Last fall, mere weeks before Thirsty Hound was scheduled to open, Lim was diagnosed with Stage 4 breast cancer, after nearly two years in remission. Approximately 155,000 women (and some men) are thought to live with this metastasized cancer, according to a 2017 study, as many as a third of whom were, like Lim, previously diagnosed and treated.
Pain in Lim’s lower back revealed a fracture and then metastasized cancer along her spine and through her sternum. Following surgery in November, said Filion, her fiance, “I thought she’d never walk again.”
With the help of a walker and weeks of physical therapy and time off her feet, she has slowly regained some energy, though she won’t ever quite reach 100%.
“We almost didn’t open,” said Lim. “All of our family members have stepped up. They’re all pitching in.”
Her sister runs the kitchen, while her brother and two cousins help in the back- and front-of-house. Filion, a financial analyst by trade, has morphed from a silent partner to a manager of sorts — meeting with beer reps and handling licensing and inspections — though he insists he “just kinda washes the dishes.”
“I’ve never worked a day of my life in a restaurant,” he laughed. “We’ve all stepped up.”

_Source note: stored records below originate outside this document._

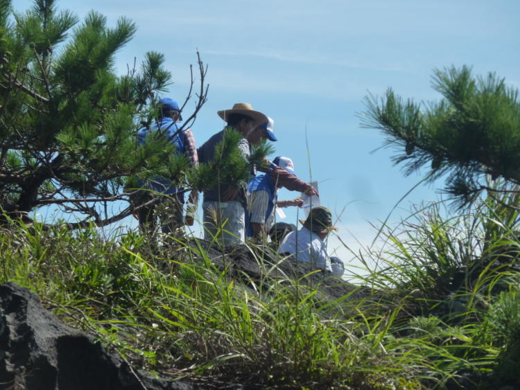 | 全国的に記録的猛暑が続く中、のろのろ大型台風10号の進路がやっとはっきりしたものの,それは日本列島直撃となり、この影響で数日前から間歇的な雨とともに強い風が吹き出しました。 開催の前日は猛暑に加え突風を警戒、私達スタッフはツアーの安全確保に全神経を集中させました。 この自然条件を考慮の上でしょう,数名のキャンセルが発生しましたが、会としては「十分な注意をすれば大丈夫」と本日のツアー実施を最終決定しました。 8時半に八幡野港の一本松駐車場に集合しましたが、海岸の高台とあってさすがに風が強く、お蔭で涼しいけど帽子が飛ばされるのが心配という状況でした。 しかし、晴れ渡った青空の下の海岸の景色は素晴らしく、青い海と打ち寄せる白い波、海岸の深い緑と吹き抜ける涼しい風が印象的でした。 いきなり生い茂る林をかき分けてツアーはスタート。観光化されず,人があまり訪れることのないこの海岸は伊東市で最も若い火山・伊雄山だけに,かろうじてつながるけもの道のような「道」は荒々しく,岩をまたぎ踏み外すと遥か下の海に落下するような所を周りの木にしがみつきながら進みました。 こうして最初に現れたのが大きな海蝕洞、通称「お釜」。約2700年前、伊雄山から流れ落ちた溶岩が海に達し海を埋めながら前進、現在の浮山別荘地を中心に海岸線を形成したのですが、一部が長い年月の間に波に砕かれ洞を作って、最後には天井部分が崩落して、南伊豆の龍宮窟と同じ地形となったものです。 今回は参加者が少なかったので,スタッフの目が届き安全確保ができると判断して、いつもは上から覗き込むだけのこの穴に降りることにしました。 上からの観察に留める数名の方を除いて、慎重にロープにつかまったりしながら「地底」に降り立ちました。海蝕洞ですから当然のことですが、そこから洞の先を見ると、そこには白い波がドーンと打ち寄せています。その先の青々とした海の向こうには伊豆大島がゆったりと横たわっています。 溶岩と波とが創り上げたこの大きな穴に立って逆光の中にこの景色を見ていると自然の圧倒的な力を感じます。 斎藤先生の熱心な説明を受けて、再び崖に挑戦。懸命にもとの道まで這い上がりました。 かくて、「ジャングル」の道は続き、新しい溶岩と波の様子が猛々しい まつした や珍しい曲面節理が観察できる もとせの浜 を見て浮山別荘地の高さまで戻りました。 血塚、旧下田街道を経て汗びっしょりになって昼食のため敷地の一部をお借りしている伊豆急・赤沢ルネッサに到着。思い思いに冷たい飲み物やアイスキャンディーなどを補給して、木陰でそよ風を顔に受けながらそれぞれのお弁当を賑やかに頂きました。 今日は天候のコンデションに配慮して、会として特別にツアーに見え隠れして走る「伴走車」を用意しました。昼食時にはこの伴走車のスタッフが冷たい水や氷をサービスし、参加者のみなさんに大いに喜ばれました。 昼の休憩で一躍元気を取り戻した一行は、このあと、伊雄山の溶岩流が形成した珍しい溶岩堤防やスコリアラフトとみられる巨大な岩、しいのき3本などを見学して駐車場まで戻ってきました。 暑い中,結構な道程を歩きましたが、参加のみなさんは楽し気に話もはずみ、私達スタッフとしては、今日がみなさんのこの夏の良い思い出の一つになってくれればいいなと思いつつ、お別れを致しました。 H記 |
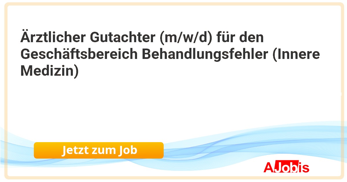 Medizinischer Dienst Niedersachsen KdöR - Hannover [14.11.2025] -- Ärztlicher Gutachter (m/w/d) für den Geschäftsbereich Behandlungsfehler (Innere Medizin) Gutes tun im gesetzlichen Auftrag: Als unabhängiger Gutachterdienst unterstützen und beraten wir, der Medizinische Dienst Niedersachsen, die gesetzliche Krankenversicherung sowie... |
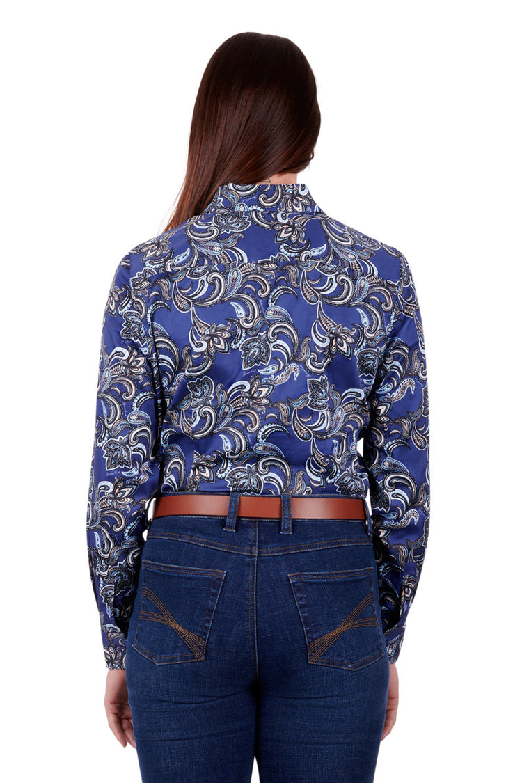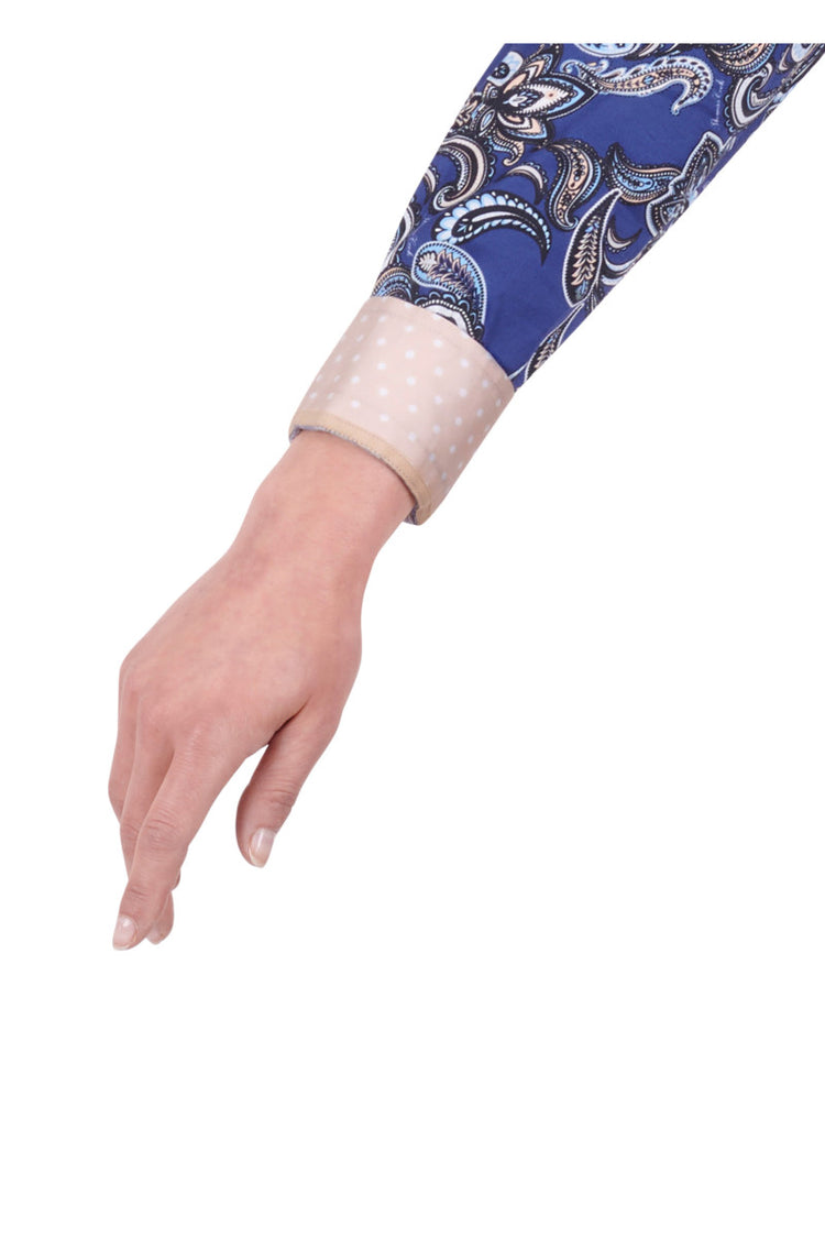Thomas Cook original hand drawn print, stretch for comfort and movement, grosgrain taping on inside neck and sleeve cuffs, front and back waist darts, pintuck detail at sleeve cuffs, criss cross embroidery on cuff pintucks, horseman embroidery on side hem
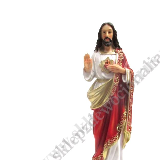 Figurka przedstawiająca Serce Pana Jezusa o wysokości 43 cm, wykonana z tworzywa sztucznego.

Due to her treatments, Lim is “really limited in how much she can work here,” he said, but he knows how much she wishes she could be here all the time.
A WAY TO SUPPORT A CAUSE
When Lim received her first diagnosis in 2016, Filion created a notebook with instructions and tips for organizing a charity. “I asked her, ‘When you get through all of your treatments and your surgeries, what’s your biggest dream?’ It was to own her own place, and so in 2019, when we finally got a chance, we started to make that happen.”
After she entered remission, the couple moved to Tacoma from California to be nearer his ill father, who died just days after they arrived in their new home. Nonetheless, they forged ahead with their plan.
Her diagnosis has changed things, of course, but they see a surprise in these difficult circumstances: a vehicle for spreading awareness of late-stage breast cancer.
A disease with some of the highest funding rates, topping $500 million annually at the National Cancer Institute alone, research and awareness campaigns tend to focus on early detection. Lim hopes to channel her prognosis into the Thirsty Hound through a fundraising arm.
For now, she is all-in on helping the bar be successful.
“People can still live with having terminal cancer, and still live a good-quality life. I’m hoping to be on the other side of it.”
▪ 1905 Bridgeport Way W., Suite 112, 253-302-5606
▪ Hours: Wednesday-Thursday and Sunday-Monday, 3 p.m. to 10 p.m.; Friday-Saturday, 3 p.m. to 11 p.m.